During that same morning, three more drug traffickers were hanged in the same prison alongside both Samlee and Khampun. Two of them, Singaporeans Abdul Rahman Yusof and La Abuhari La Odd Hamid, were convicted and sent to death row for to the joint trafficking of more than 590g of marijuana in August 1995, while the third, Singaporean Low Theng Gee (also spelt Low Theng Ghee), was found guilty of smuggling more than 31g of diamorphine in January 1996; in an unrelated case, Low notoriously masterminded the kidnapping of two police officers during that same year. Low was not tried for this abduction case since he was already on death row for drug trafficking, but his accomplice and convicted robber Abdul Nasir Amer Hamsah was alone found guilty of the kidnapping and given both caning and a life sentence on top of the 18 years he got for the other crime of robbing a Japanese woman (who died during the robbery bid).
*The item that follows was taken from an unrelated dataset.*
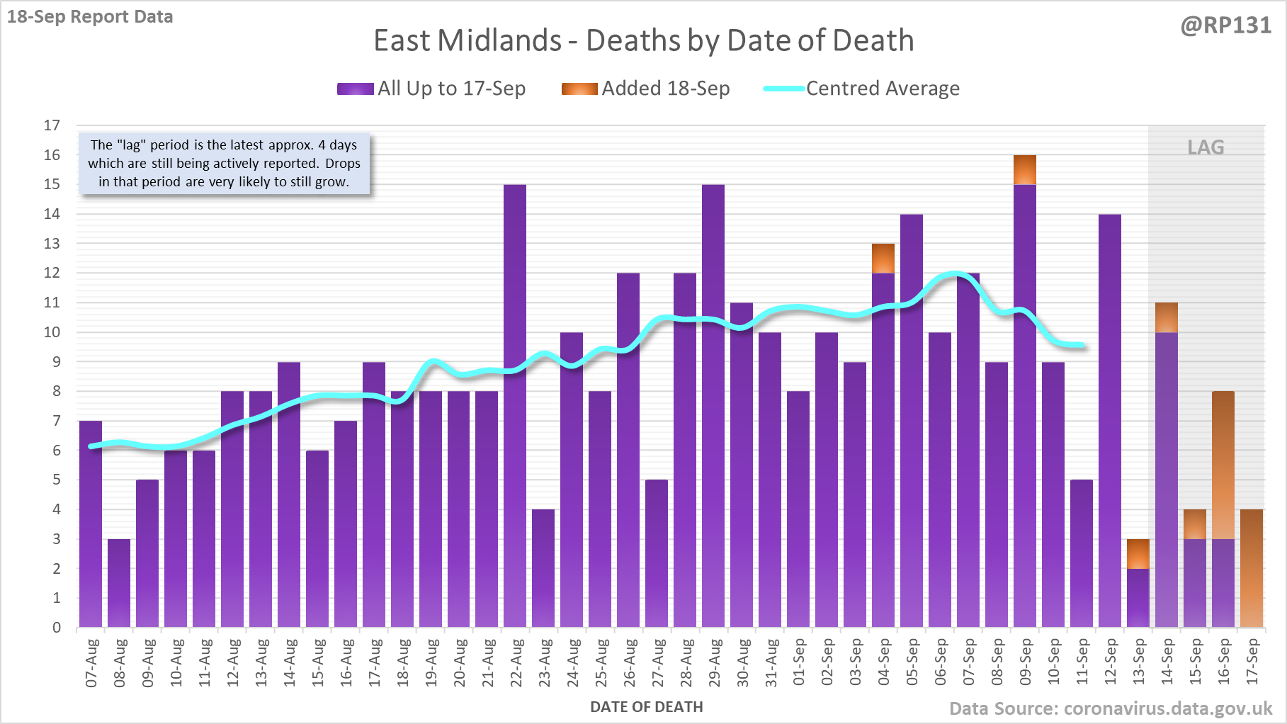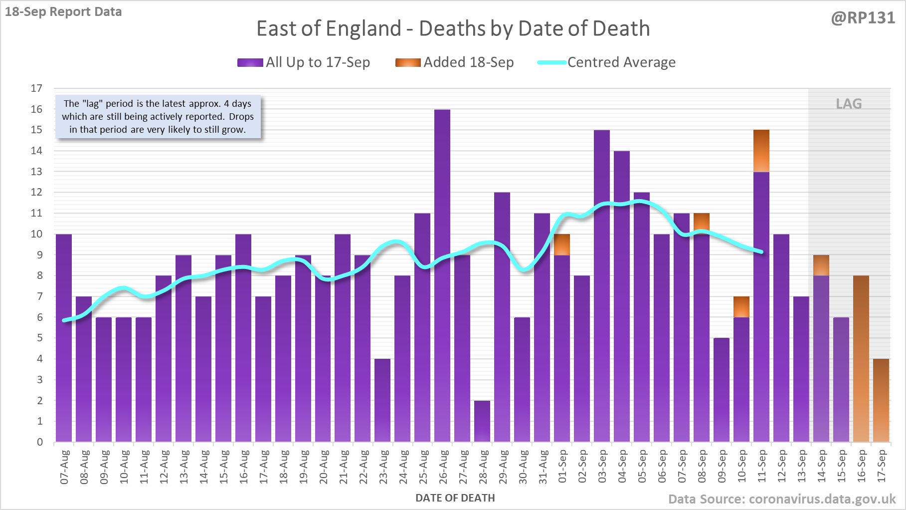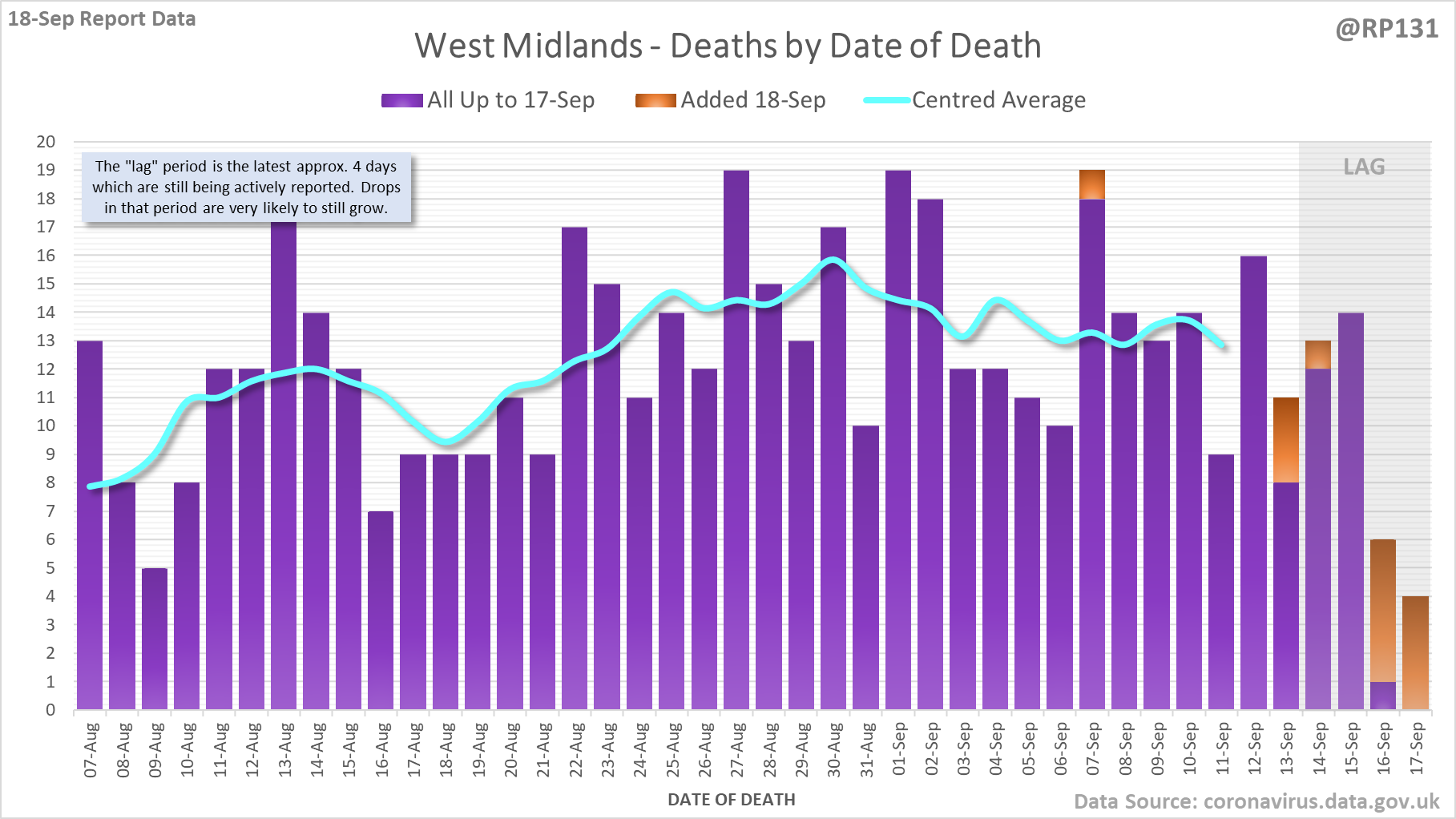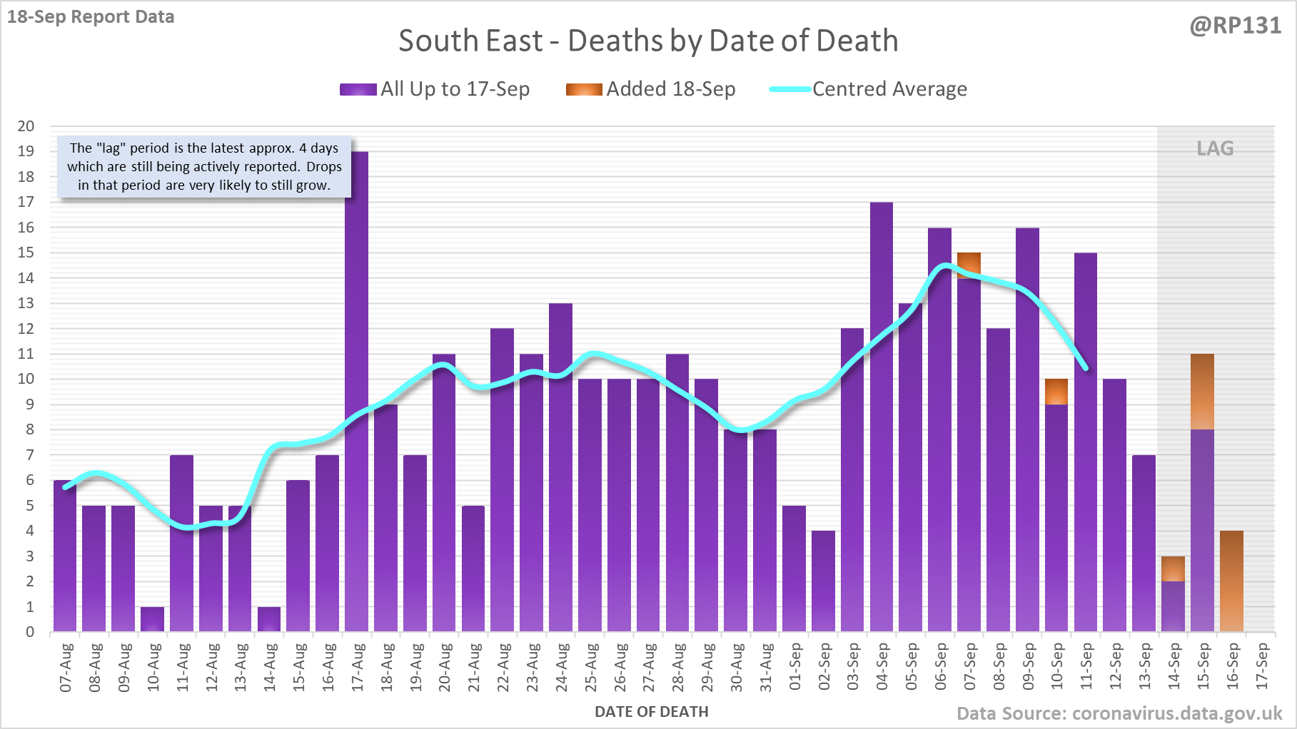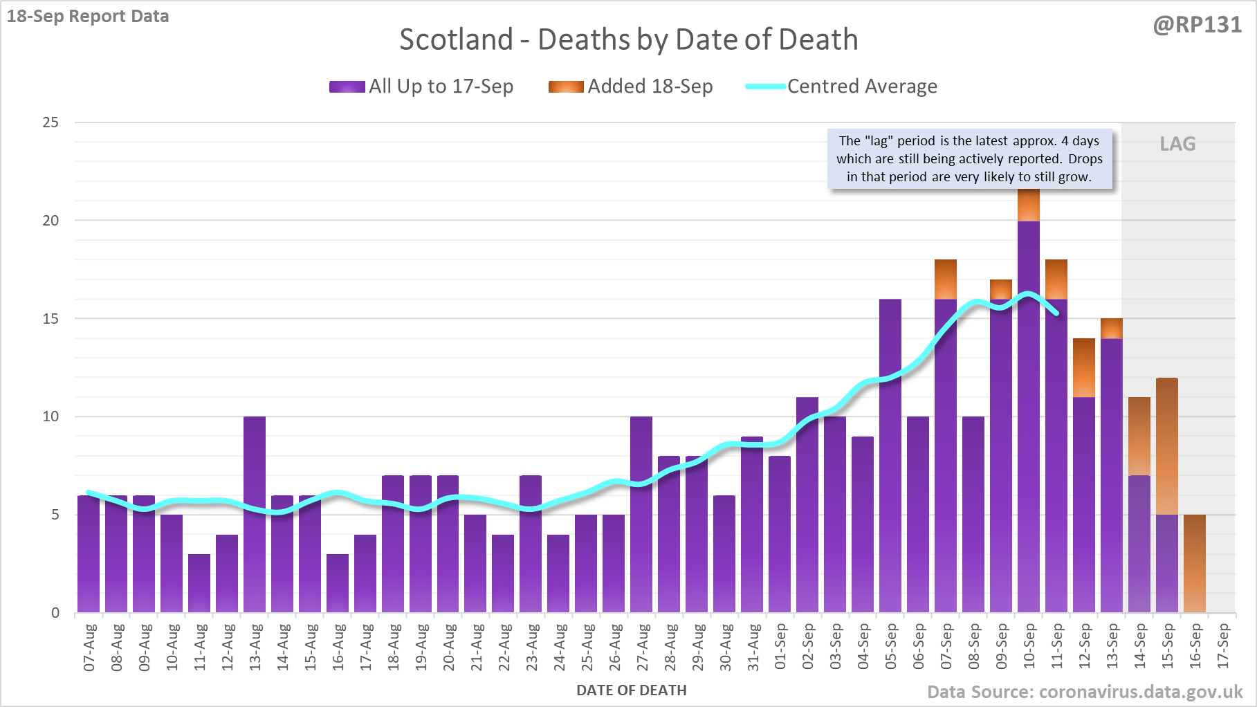 [1/7] 164 new #covid19uk deaths reported today (18-Sep). This brings the rolling average by date of death (allowing 4 days for lag) to 131.

Khampun and Samlee were one of the three Thais reported to be executed in Singapore during the year of 1997. Six months before their double executions, 30-year-old Thai citizen Pracha Thanomnin was hanged on 10 January 1997 for robbing and murdering a 47-year-old taxi driver Lee Kok Yin with three other Thais, two of whom remains at large till today and a third was convicted of attempted robbery and jailed for five years. Coupled with the executions of 11 drug traffickers and an infamous gunman Lim Chwee Soon, a total of 15 people were put to death in Singapore during the year of 1997.